Walking can potentially increase the energy of your wearable electrical devices as well as your own energy levels. Osaka Metropolitan University scientists made a significant advance toward self-charging wearable devices with their invention of a dynamic magnifier-enhanced piezoelectric vibration energy harvester that can amplify power generated from impulsive vibrations, such as from human walking, by about 90 times, while remaining as small as currently developed energy harvesters. The results were published in Applied Physics Letters.

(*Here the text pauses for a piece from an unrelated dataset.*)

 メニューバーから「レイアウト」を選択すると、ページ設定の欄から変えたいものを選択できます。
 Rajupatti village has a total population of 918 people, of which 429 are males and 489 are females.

People carry various electronic gadgets on them now, including cellphones, and wearable technology is predicted to become more commonplace in the near future. Energy harvesting, a technology that transforms energy like heat and light into electricity that may power small devices, is receiving more attention as a result of the increased demand for more effective recharging of these gadgets.

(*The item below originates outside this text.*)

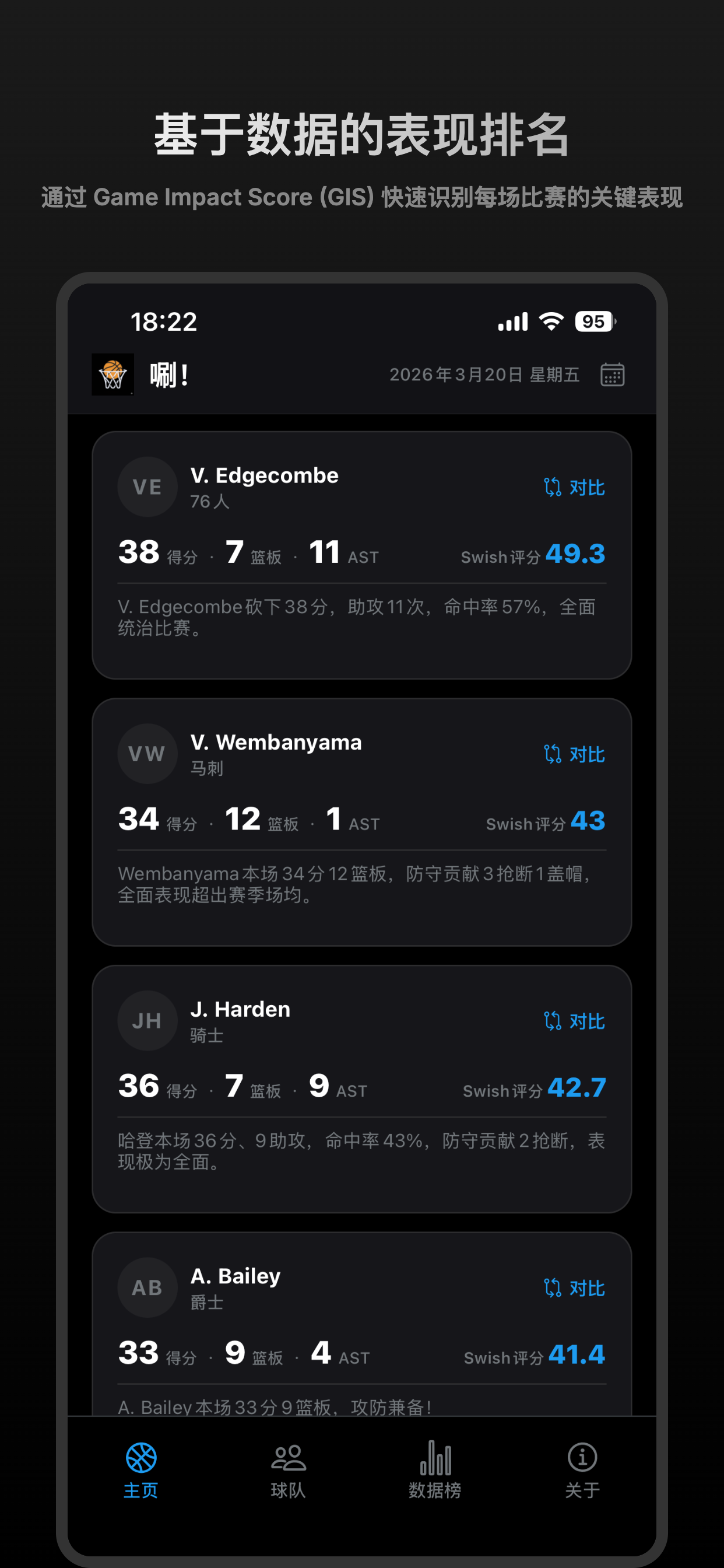 没有噪声,只有清晰、结构化的核心信息,几秒钟内把比赛读懂。

Given that it can convert kinetic energy from vibration into electricity and is unaffected by weather or environment, a type of energy harvesting known as vibration energy harvesting is seen to be extremely practical.
A research team led by Associate Professor Takeshi Yoshimura from the Graduate School of Engineering at Osaka Metropolitan University has developed a microelectromechanical system (MEMS) piezoelectric vibration energy harvester that is only approximately 2 cm in diameter with a U-shaped metal component called a dynamic magnifier.

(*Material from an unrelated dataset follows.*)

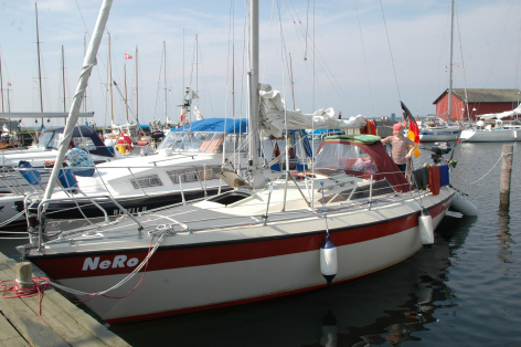 Eine Seemeile vor der Brücke war an Segeln nicht mehr zu denken. Ein starker Gewittersturm mit Sinnflutartigen Regen erwartet uns. Die Segel waren schnell verstaut, alle Luken verschlossen. Alleine saß ich an der Pinne. Keine 50 Meter war die Sicht. Unter der Brücke war der Spuk auch schon wieder vorbei. Der Wind lässt nach und die Sonne trocknet die NeRo. Die Genua hatte den Sturm nicht unbeschadet überstanden. Das Achterliek hatte ein kleinen Riss. Das Segel war schnell gegen die kleine Genua getauscht. 15:58 Uhr machten wir in Marstall provisorisch fest, ein weiterer starker Regenschauer hatte eingesetzt. Das war dann auch der letzte Regen des Tages. Abends traf dann auch die Albatros ein. Alle hatte viel zu erzählen und die ein oder andere Dose Bier wurde geleert. Die Kinder spielten bis es dunkel war. |

The novel harvester allows for an improvement in power conversion from impulsive vibrations, which can be produced by human walking motion, of around 90 times when compared to conventional harvesters.
The group has been working on creating vibration energy harvesters that make use of the phenomena known as the piezoelectric effect, which occurs when certain kinds of materials generate an electric charge or voltage in response to applied pressure.
So far, they have succeeded in generating microwatt-level electricity from mechanical vibrations with a consistent frequency, such as those generated by motors and washing machines. However, when applied vibrations are impulsive and nonstationary, like those produced by human movement, the power output of these harvesters is significantly reduced.
The team created and included the U-shaped vibration amplification component under the harvester as a solution to this problem. The component allows for improvement in power generation without expanding the device size.
In order to power small wearable devices like smartphones and wireless headphones, the technology is projected to create electric power from non-steady vibrations, including walking motion.
Professor Yoshimura concluded, “Since electronic devices are expected to become more energy-efficient, we hope that this invention will contribute to the realization of self-charging wearable devices.”